Plusieurs raisons peuvent expliquer une carence en fer :

  • Régime alimentaire inadéquat : Une carence en fer peut résulter d’un régime alimentaire inadapté. C’est souvent le cas chez les bébés et les jeunes enfants qui ont besoin de plus de fer pour leur croissance. Les adolescentes sont aussi confrontées à ce phénomène en raison de leurs menstruations, qui s’ajoutent aux besoins en fer durant leur croissance. Enfin, la carence en fer est aussi fréquente chez les femmes enceintes car le fœtus nécessite beaucoup de fer pour son développement. Jusqu’à 40 % des femmes en âge de procréer ont un taux de ferritine sérique inférieur à 30 g/l, ce qui traduit l’effondrement de leurs réserves en fer.
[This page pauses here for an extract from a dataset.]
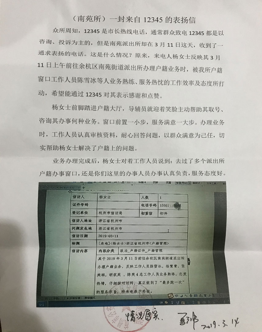 2019年3月14日,浙江民泰南苑輔警項(xiàng)目收到一封來(lái)自12345專(zhuān)線的表?yè)P(yáng)信,對(duì)余杭南苑街道派出所工作人員及宗保戶籍室隊(duì)員陳爽工作認(rèn)真、業(yè)務(wù)熟練、貼心服務(wù)表示感謝。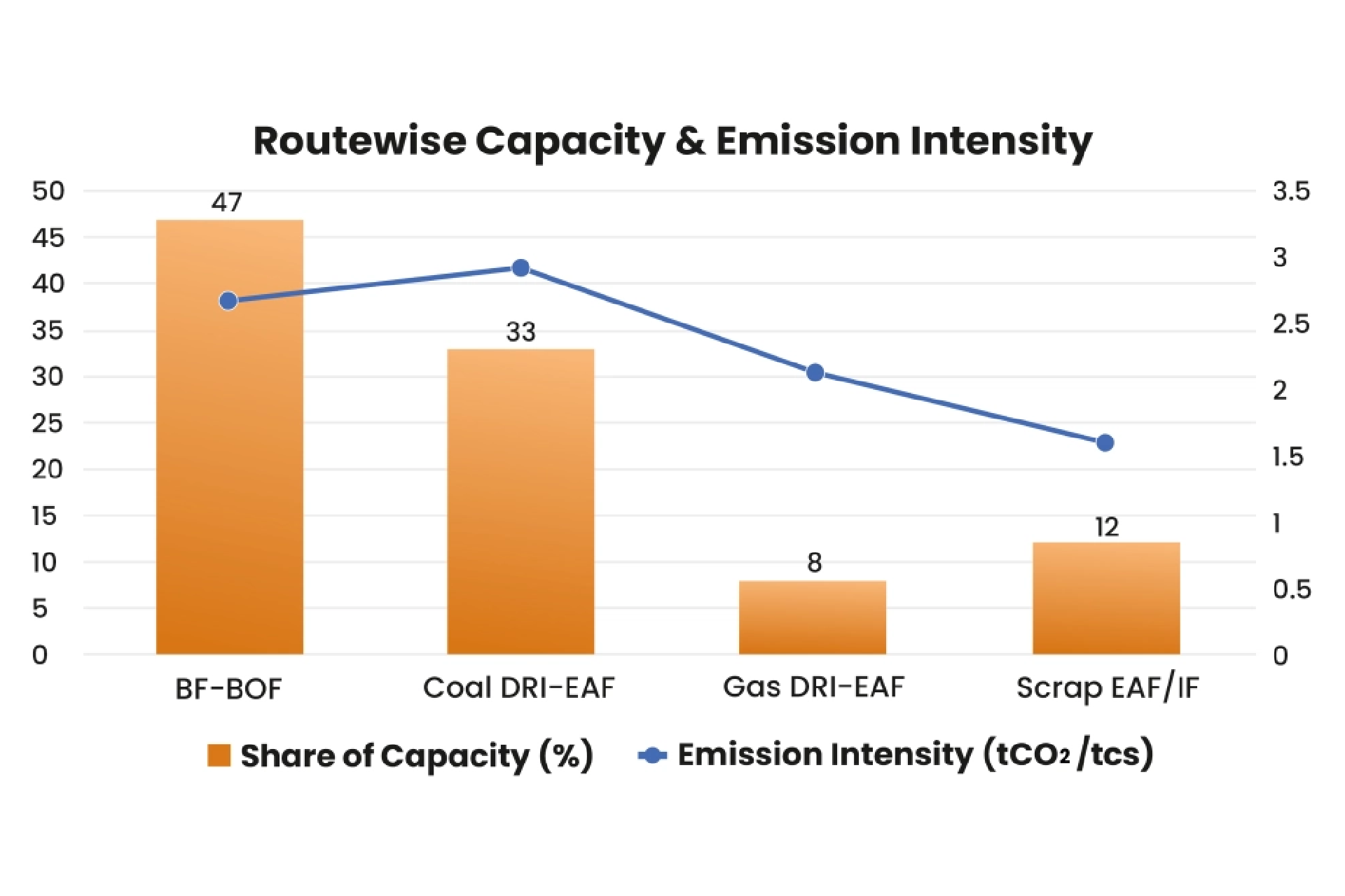 - Coal-based DRI-EAF: ~32–34% of capacity, 2.91 tCO₂/tcs — the dirtiest route.

Les régimes végétariens, qui excluent le fer héminique, favorisent les carences en fer chez les femmes réglées, mais pas de façon très significative si la diététique reste équilibrée. A contrario, recommander une alimentation riche en viande est délicate du fait du risque associé de cancers colorectaux, sans parler des émissions de CO2 liées à la production de viande.
  • Troubles d’absorption : On peut aussi souffrir d’une carence en fer en raison d’un trouble d’absorption par l’intestin grêle. On parle alors de troubles de malabsorption. Dans l’insuffisance cardiaque, les taux d’hepcidine (protéine « positive » de l’inflammation) sont élevés conduisant à une diminution de l’absorption intestinale du fer et à sa séquestration dans les macrophages.
  • Pertes sanguines : Chez les femmes adultes, les règles peuvent être à l’origine d’une carence en fer. L'abondance du flux menstruel (avec ou sans cause organique) peut donc être responsable d'une carence en fer. La carence martiale non anémique est fréquente (50 % des femmes avec ménorragies). Dans les pays à faible niveau de revenu, l’anémie ferriprive est présente chez plus de 50 % des femmes enceintes au troisième trimestre de leur grossesse. Dans les pays « riches », l’anémie ferriprive est plus rare en fin de grossesse (22 % des cas dans une étude récente en France).
  • Grossesse : Pendant sa grossesse, ses besoins en fer sont plus élevés : il faut d’abord couvrir les besoins de son propre organisme, dont le volume sanguin augmente. Il faut également répondre aux besoins en fer liés à la croissance et au développement du fœtus, et au fonctionnement du placenta. Ainsi, plus la grossesse évolue et plus les mois passent, plus les besoins en fer augmentent. Si 1 mg de fer par jour suffit au 1er trimestre, la femme enceinte a besoin de 8 mg de fer au 3ème trimestre !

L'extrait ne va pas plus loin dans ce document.